Further preferably, the cleaning material is substantially along the surface of the counter standes or moved to the surface of the object.

Preferably the cleaning material is provided in the gaseous state. For example, the preferred gaseous cleaning material the area be blown along the object to be cleaned, or on the area to be blown to the object to be cleaned. The to be cleaned The article is preferably made smaller or lower in temperature as the freezing point of the gaseous Cleaning material at a predetermined pressure of the gaseous cleaning material cooled, whereby the gaseous cleaning material as a solid on the surface of the object to be cleaned is deposited. Especially preferred be pressure and temperature of the system of detergent and to be cleaned object selected so that the preferred gaseous cleaning agent when attached to the object to be cleaned near the triple point of the cleaning agent is located. In other words, pressure and Temperature of the preferred gaseous Cleaning agent regulated so that it is at the step of Attaching the cleaning agent to the object to be cleaned is essentially a Resublimationsschritt. Preferably In this case, the object to be cleaned is reduced to a temperature or equal to the temperature of the cleaning agent at the triple point regulated.

advantageously, can be a gaseous Cleaning material during the step of attaching the cleaning material in openings penetrate the foreign particle or in openings between the foreign particles and the area penetrate the object to be cleaned and then there be substantially resublimiert. During the essentially explosive transition the cleaning agent from the solid to the gaseous state it comes to a pulse transmission of the cleaning agent on the foreign particles, wherein it is in the Direction of the transferred Pulse due to the arrangement of the detergent between the Foreign particles and the surface of the object to be cleaned substantially by one direction away from the plane of the object to be cleaned. In other words that will Foreign particles from the surface the object to be cleaned flung.

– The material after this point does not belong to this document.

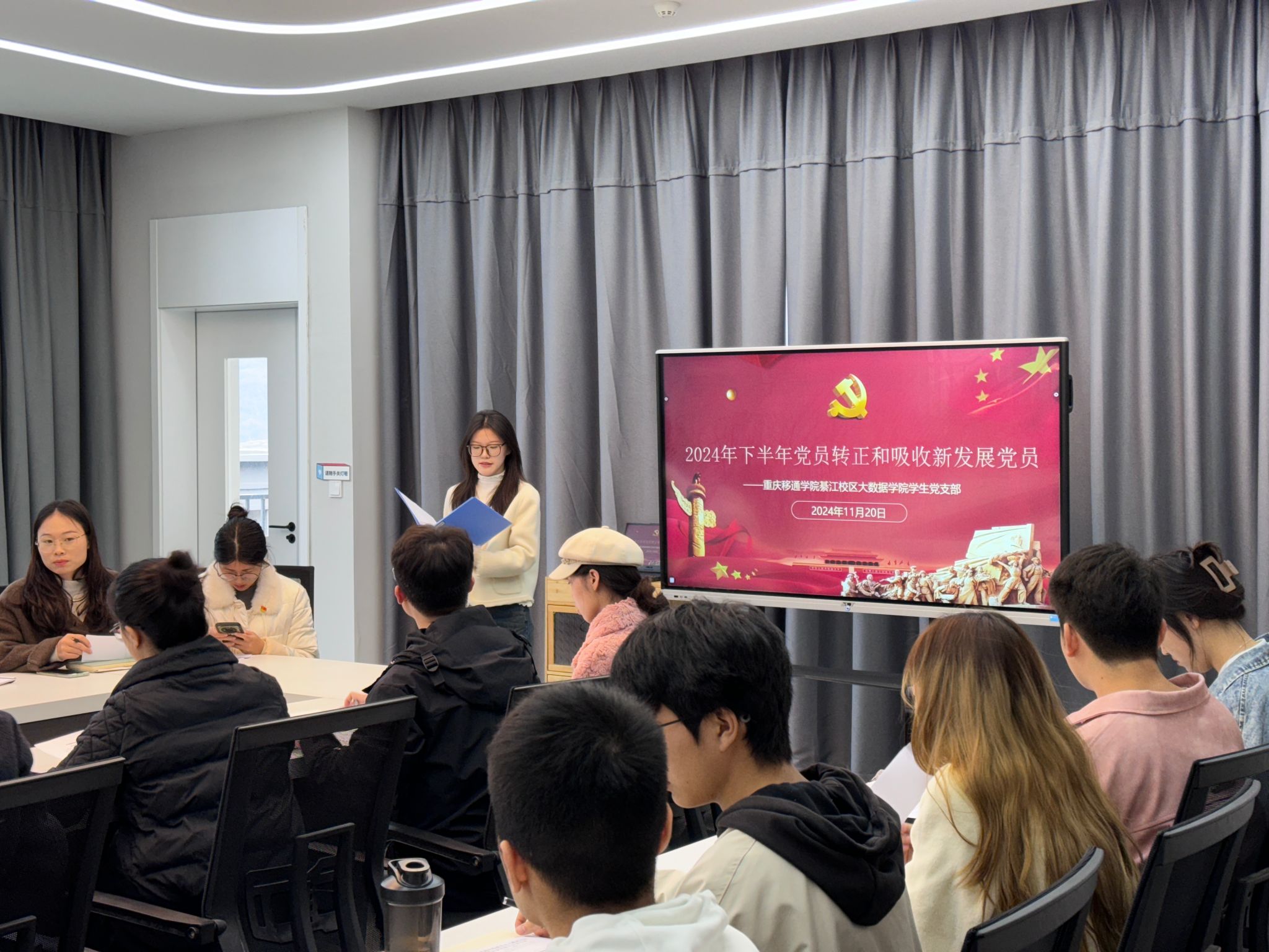 根据中共重庆移通学院大数据学院学生党支部发展党员工作计划,经征求党员和群众意见、支部大会审查同意,大数据学院学生党支部于2024年11月20日在玉棠书院地心会议室召开了2024年下半年党员转正和吸收新发展党员大会。本次大会旨在审议曾珂、甘艳平等6名同志为中共正式党员问题和于辰茜、刘昕等7名同志为中共预备党员问题。会议由朱文杰同学主持,孙权伟老师清点并报告到会情况。大数据学院学生党支部61人,应到会有表决权的正式党员45人,实到会有表决权的正式党员39人,符合《中国共产党发展党员工作细则》之规定,可以进行开会议程。

Farther Preferably, the cleaning material is in the fluid preferably liquid state provided. Here, the cleaning material to the surface of the be sprayed to be cleaned object, wherein, after attachment of the liquid Cleaning material that freezes cleaning material to a solid. Preferably, pressure and temperature of the cleaning agent are so regulated that after attaching the cleaning material and substantially until Step of irradiating the radiation of the triple point of the cleaning agent is substantially below. Preferably, the temperature of the cleaning agent substantially as long as below the temperature held the triple point until the radiation is irradiated and the cleaning material in the gaseous state substantially sublimated. Analog preferably, the pressure of the cleaning agent essentially kept below the pressure of the triple point, until the radiation is irradiated and the cleaning material in the gaseous Condition substantially sublimated.

Farther Preferably, the cleaning material in the form of solid particles to be provided. For example, a variety of small solid particles to the surface be blown on the object to be cleaned and on contact be irradiated with the object to be cleaned with radiation.

Especially Preferably, the object to be cleaned is a Metal, a dielectric or a semiconductor wafer, particularly preferred around a silicon or germanium wafer with any existing Oxide layer. Furthermore, the object to be cleaned may be a semiconductor wafer with already existing metallic structures, such as. Tracks and / or structures of other materials, such as e.g. "low-k materials", i. materials with a low dielectric constant, in particular with a dielectric constant less than 3, act.

With particular preference, the cleaning material is CO ₂ and / or naphthalene and / or a noble gas. Advantageously, the sublimation line in the conventional pressure-temperature diagram for CO ₂ in areas which can be easily realized technically. In particular, advantageously, the triple point of CO ₂ , which is at a temperature of T = 216.45 K and a pressure of p = 5200 hPa, are easily exceeded.

Preferably is the temperature of the article during the step of attaching of the cleaning material is less than or less than the sublimation point of Cleaning material.

Especially is preferred during of the irradiation step irradiated laser radiation.

• – eine Bereitstellungsvorrichtung zum Bereitstellen eines Reinigungsmaterials bzw. zu entfernenden Materials und
• – eine Strahlungsquelle für Strahlung bzw. eine Energiequelle, wobei das Reinigungsmaterial anhand der Bereitstellungsvorrichtung bereitgestellt wird, das Reinigungsmaterial an der Fläche des Gegenstandes als Festkörper bzw. in der festen Phase angebracht wird und das Reinigungsmaterial durch zumindest teilweise Absorption der Strahlungsenergie der Strahlung durch den Gegenstand und/oder durch zumindest teilweise Absorption der Strahlungsenergie der Strahlung durch das Reinigungsmaterial bzw. durch Einbringen von Energie in den Gegenstand und/oder durch Einbringen von Energie in das Reinigungsmaterial derart erhitzt wird, daß es in den gasförmigen Zustand im wesentlichen sublimiert.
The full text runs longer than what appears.